#### Exercise brief:
Retype word for word the first line of the listing and each line after it up to the line with "Gunesi bilmez ayi", with the pictures taken out.

*** Opening Data for this task ***

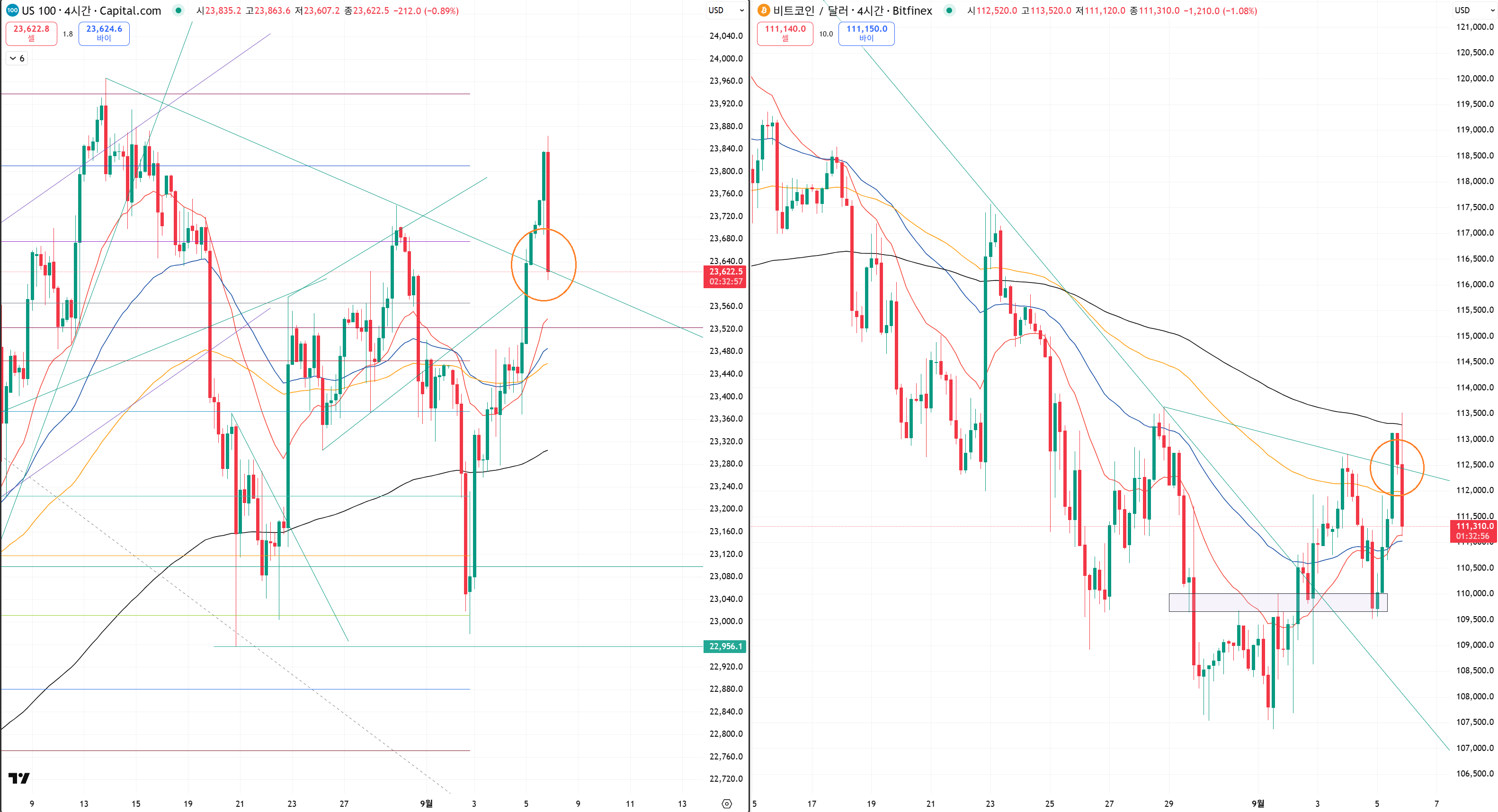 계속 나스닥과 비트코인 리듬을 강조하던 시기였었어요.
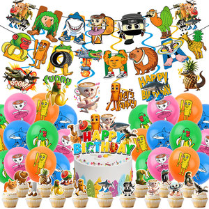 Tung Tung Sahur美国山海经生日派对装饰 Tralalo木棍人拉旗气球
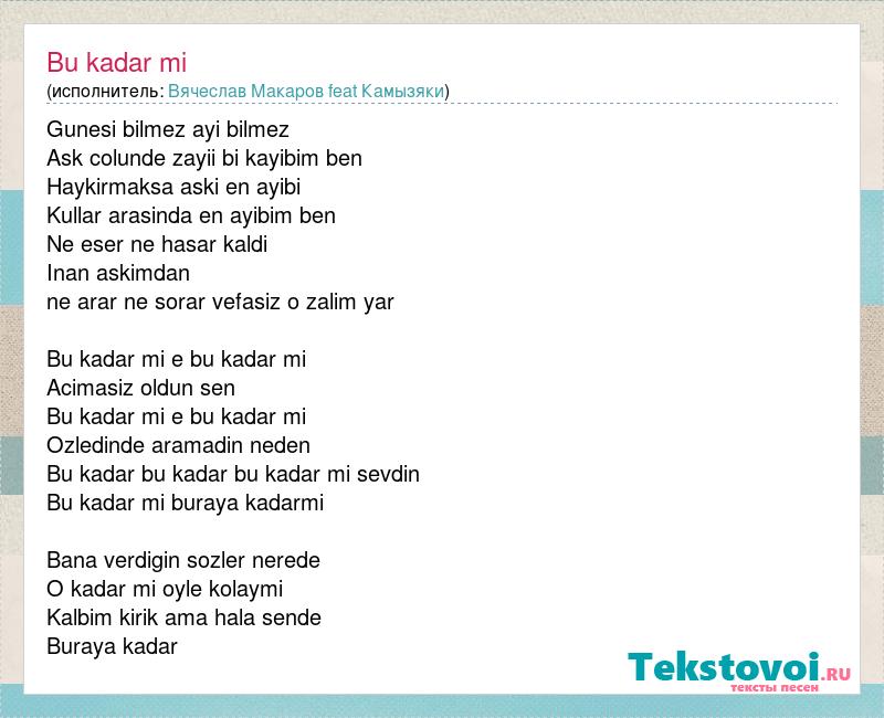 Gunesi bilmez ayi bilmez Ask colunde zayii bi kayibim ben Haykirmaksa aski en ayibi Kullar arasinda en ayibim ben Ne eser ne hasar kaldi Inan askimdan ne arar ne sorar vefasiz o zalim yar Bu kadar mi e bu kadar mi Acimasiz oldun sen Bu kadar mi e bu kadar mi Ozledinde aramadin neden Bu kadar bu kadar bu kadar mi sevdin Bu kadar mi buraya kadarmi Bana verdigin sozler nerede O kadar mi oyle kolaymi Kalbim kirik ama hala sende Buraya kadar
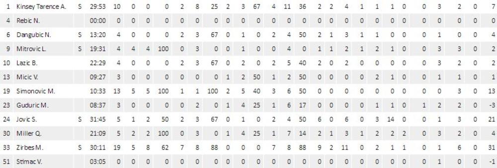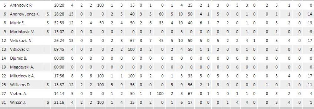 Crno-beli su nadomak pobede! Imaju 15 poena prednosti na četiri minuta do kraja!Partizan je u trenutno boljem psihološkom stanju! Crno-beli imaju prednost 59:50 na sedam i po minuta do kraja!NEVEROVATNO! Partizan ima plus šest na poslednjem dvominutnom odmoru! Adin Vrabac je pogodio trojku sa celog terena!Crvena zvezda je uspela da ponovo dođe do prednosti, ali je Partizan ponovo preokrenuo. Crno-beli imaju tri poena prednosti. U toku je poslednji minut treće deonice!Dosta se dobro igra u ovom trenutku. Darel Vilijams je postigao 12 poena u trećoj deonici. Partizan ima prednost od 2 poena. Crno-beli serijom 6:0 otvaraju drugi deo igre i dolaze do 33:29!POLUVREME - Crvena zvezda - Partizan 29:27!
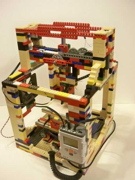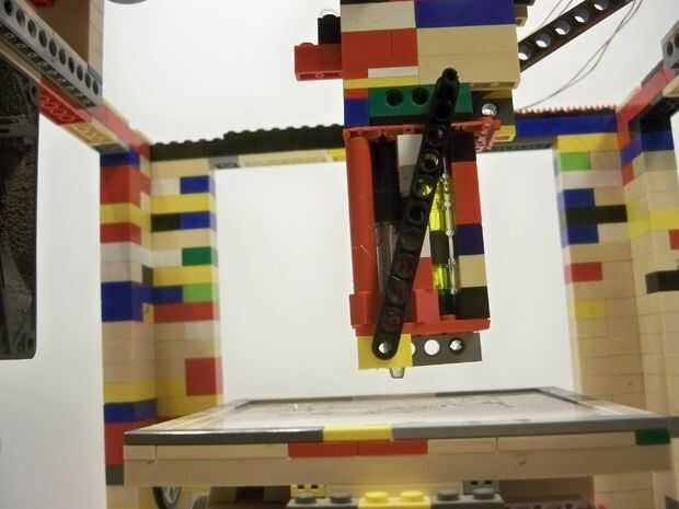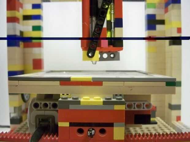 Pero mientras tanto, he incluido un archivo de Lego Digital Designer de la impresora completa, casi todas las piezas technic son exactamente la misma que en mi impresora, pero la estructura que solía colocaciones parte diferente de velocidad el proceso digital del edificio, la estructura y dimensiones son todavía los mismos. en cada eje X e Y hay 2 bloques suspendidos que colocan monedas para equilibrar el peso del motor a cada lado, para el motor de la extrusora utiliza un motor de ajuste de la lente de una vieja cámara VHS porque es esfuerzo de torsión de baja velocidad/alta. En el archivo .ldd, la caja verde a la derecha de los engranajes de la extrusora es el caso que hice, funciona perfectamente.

*** Closing Data for this task ***

#### Response to this exercise:
 계속 나스닥과 비트코인 리듬을 강조하던 시기였었어요.
 Tung Tung Sahur美国山海经生日派对装饰 Tralalo木棍人拉旗气球
 Gunesi bilmez ayi bilmez Ask colunde zayii bi kayibim ben Haykirmaksa aski en ayibi Kullar arasinda en ayibim ben Ne eser ne hasar kaldi Inan askimdan ne arar ne sorar vefasiz o zalim yar Bu kadar mi e bu kadar mi Acimasiz oldun sen Bu kadar mi e bu kadar mi Ozledinde aramadin neden Bu kadar bu kadar bu kadar mi sevdin Bu kadar mi buraya kadarmi Bana verdigin sozler nerede O kadar mi oyle kolaymi Kalbim kirik ama hala sende Buraya kadar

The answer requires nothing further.